А схватки ускорялись. Адская боль, помноженная на адскую боль и еще раз на боль, дает полное обезболивание...

На полу окровавленные веревки от швов, тех, что по Широдкару... чтоб его к ядреной фене!..

Головка, плечики... Сморщенная и синюшная живая пружина рванула изо всех сил на волю, прочь из сжатой матки, из русла крови, забитого успокоительными!

Крикливую новорожденную показали мамаше, взвесили, измерили и тут же унесли. Врач долго рассматривала крупный дольчатый послед, затем убрала таз с кровью и стала раскладывать нитки для штопки разрывов шейки и промежности.

В родильном зале воцарилась тишина.

Слева от Симы беззаботно «стекало» в таз еще одно отрожавшее тело – помоложе и покрасивее.

Зашивали опять наживую, но Сима не чувствовала боли, находясь под наркозом счастья.

Вскоре подкатили две грохочущие каталки – под Серафиму и под ее соседку.
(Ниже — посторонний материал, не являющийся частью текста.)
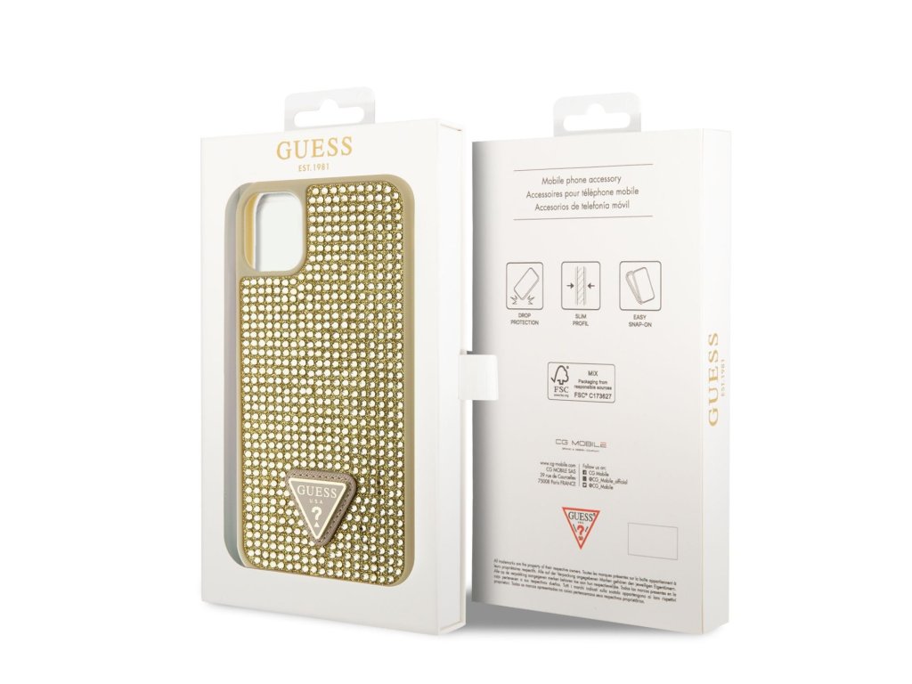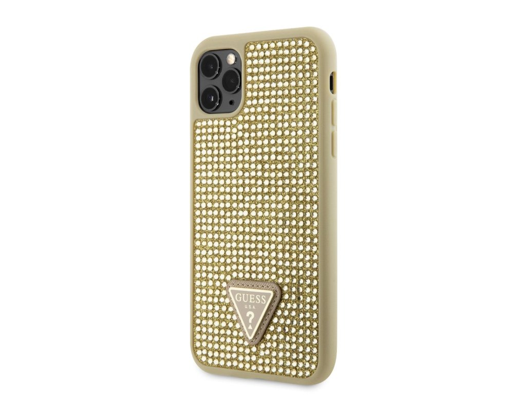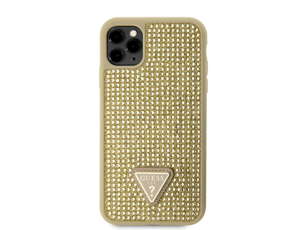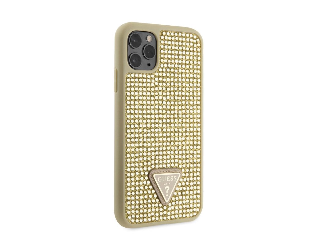 Guess Rhinestones Triangle Metal Logo Kryt pro iPhone 11 Pro Zlatá

Акушерки перевалили женщин на рыжие холодные клеенки, прикрыли одеялами и, выставив в коридор, пошли искать места в палатах.

Лежа на железной тачке в тусклом коридоре, Серафима понимала, что только что в этих стенах сотворилось чудо и ничего чудеснее быть не может! Слезы радости вспухли, забулькали в груди и вырвались наружу жгучими потоками лавы. Исполнилось – дочка! Роженица рыдала и тряслась крупной дрожью, так что подскакивала положенная на низ живота грелка со льдом.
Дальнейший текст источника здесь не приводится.